National Ambient Noise Survey
January 1, 1982
The objectives, methodology, and results of a national survey of outdoor noise environments in urban residential areas are discussed. The objectives were to determine overall noise levels, source contributions, and patterns of spatial and temporal variation in these areas, along with the effect of three locational factors on these parameters. The survey employed a randomized site selection procedure, a startified sampling strategy, and a multifaceted measurement protocol to meet these objectives. Results of the survey include a simple model which predicts Ldn in these areas, projections of nationwide noise impact, average source contributions and temporal noise level histories and average variations in noise level at different locations around residential units.
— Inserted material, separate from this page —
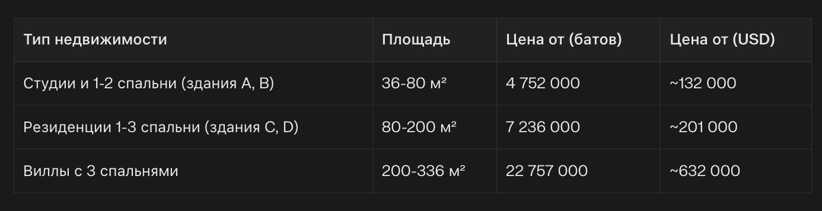 Комплекс разделен на несколько секций. Здания А и В — кондоминиум с квартирами от студий до двухкомнатных апартаментов стоимостью от 4 752 000 батов. Здания C и D — резиденции с 1-3 комнатами от 7 236 000 батов. Виллы с тремя спальнями и личными бассейнами оснащены технологиями «умного дома» и стоят от 22 757 000 батов.

Noise - How Much is Too Much?
May 20, 1975
Henning E. von Gierke contends that enough is known about the effects of noise on people to produce guidelines for maximum noise levels. Adopted by the Environmental Protection Ageny, these guidelines are designed to protect the public with an adequate margin of safety against hearing loss from occupational and environmental noise exposures and against interference with speech or other activities indoors or outdoors in residential areas.
The Urban Noise Survey
August 1, 1977
Most of the existing social survey data base on community annoyance has been in character and has been concerned primarily with airport and highway related noise. An essential element in assessing the impact of noise in urban areas away from airports and highways is the evaluation of the attitudes of people concerning the noise in the residential environment. A social survey was conducted to sample opinion over the entire range of noise exposure and population density characteristics of non-rural America.The objective of the Urban Noise Survey was to develop a first order relationship between noise exposure and human response as a function of situational and attitudinal variables associated with the life styles of people in various urban environments. This survey differed from prior surveys in the general area of noise pollution in several important aspects: (1) it was specifically designed to study noise exposure not directly related to airport and highway sources; (2) the social survey was made in conjunction with simultaneous physical measurements of noise exposure at sites with widely different noise environments; (3) it was national rather than local in character and was addressed to a broad rather than narrow range of noise exposures and respondents' life styles. Some of the major conclusions are that: (a) exposure to noise typical of many urban (non-aircraft and non-highway) environments produces widespread annoyance, speech interference, and sleep disturbance; (b) a strong relationship was demonstrated between exposure level and the proportion of a community highly annoyed by noise; (c) the prevalence of speech interference is an especially good predictor of annoyance; (d) the number of complaints about noise is a poor predictor of the prevalence of annoyance; (e) demographic factors alone are relatively poor predictors of noise annoyance; (f) freedom from noise exposure is a component of a neighborhood satisfaction, and quiet is highly valued; (g) noises associated with automotive sources are the most pervasive sources of annoying noise in urban areas; (h) annoyance associated with intrusive noise sources may be related to measurable noise exposure from such sources, even when their magnitudes are not as great as the level of overall exposure in a community; (i) there is some evidence that human response to noise exposure at Ldn values in excess of 70 dB is more acute than at lower levels.